We are looking for a Lead Data Engineer to design, build, and deliver scalable enterprise data and AI-ready solutions. The role requires strong hands‑on expertise in Snowflake, Nexla, Apache Airflow, SQL, and Python, along with practical experience using GenAI‑powered development tools.
You will collaborate with Data Engineering, Product Engineering, AI/ML, Architecture, and business teams to build data foundations supporting analytics, ML, LLMs, RAG, and Agentic AI initiatives while mentoring engineers and driving Agile delivery.
Key Responsibilities
- Lead design, development, optimization, and support of enterprise data platforms and pipelines.
- Build scalable ETL/ELT solutions using Snowflake, Nexla, SQL, and Python.
- Develop and manage Apache Airflow DAGs, workflows, schedules, and monitoring.
- Design AI-ready data architectures supporting ML, GenAI, RAG, vector databases, and Agentic AI.
- Use Microsoft Copilot, Claude, Cursor, GitHub Copilot, and similar tools to improve engineering productivity.
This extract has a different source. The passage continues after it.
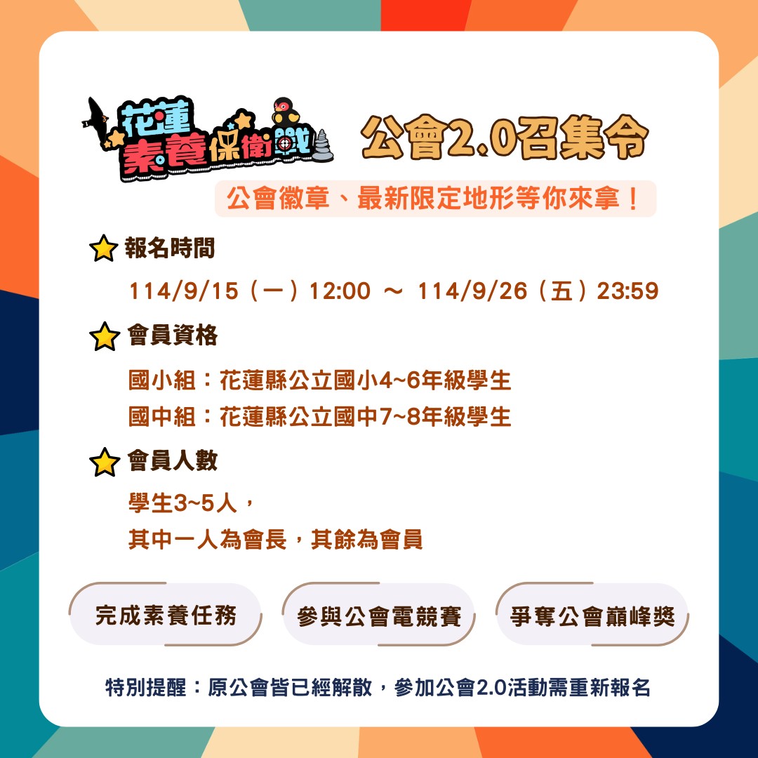 | 一、 | 旨案為結合「素養任務挑戰」、「知識電競」與「公會經營」的年度活動。學生將組隊成立公會,透過完成中文閱讀素養任務、參加每月電競賽來獲得公會積分,藉由團隊合作與友善競爭,促進深度學習與素養內化。 |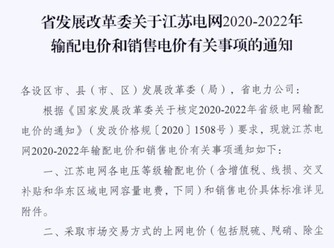 为持续推进输配电价改革,进一步降低企业用电成本,近日,江苏省发展改革委制定出台了江苏电网第二监管周期输配电价和销售电价,印发《关于江苏电网2020—2022年输配电价有关事项的通知》,明确自2021年1月1日起执行新的输配电价和销售电价。

- Partner with AI/ML teams on data ingestion, transformation, governance, and model‑serving requirements.
- Implement data quality, lineage, observability, governance, security, and compliance practices.
- Lead code reviews, architecture discussions, troubleshooting, and root‑cause analysis.
- Support Agile sprint planning, prioritization, estimation, dependency management, and delivery.
- Coordinate distributed onsite/offshore teams and mentor engineers.
- Create technical designs, data flows, architecture documentation, and operational runbooks.
Required Skills
- Bachelor's degree in Computer Science, IT, Engineering, Data Science, or related field.
- Strong hands‑on experience with Snowflake, including SQL, data modeling, stored procedures, and performance tuning.
- Experience with Nexla or similar ETL/ELT platforms.
- Strong experience with Apache Airflow and workflow orchestration.
- Advanced SQL and Python skills.
- Practical experience with AI‑assisted development tools such as Copilot, Claude, Cursor, or similar.
- Understanding of LLMs, RAG, vector embeddings, prompt engineering, and Agentic AI.
- Experience building data platforms supporting AI/ML and analytics workloads.
- Knowledge of data governance, security, privacy, lineage, and compliance.
- Strong leadership, communication, problem‑solving, and stakeholder management skills.
- Experience working in Agile and distributed team environments.
Preferred Skills
- Snowflake on Azure and Azure data services.
- LangChain, LangGraph, CrewAI, AutoGen, Semantic Kernel, or similar AI frameworks.
- RAG, semantic search, vector databases, AI agents, or AI‑enabled data products.
- Experience in insurance, insurtech, healthcare, or financial services.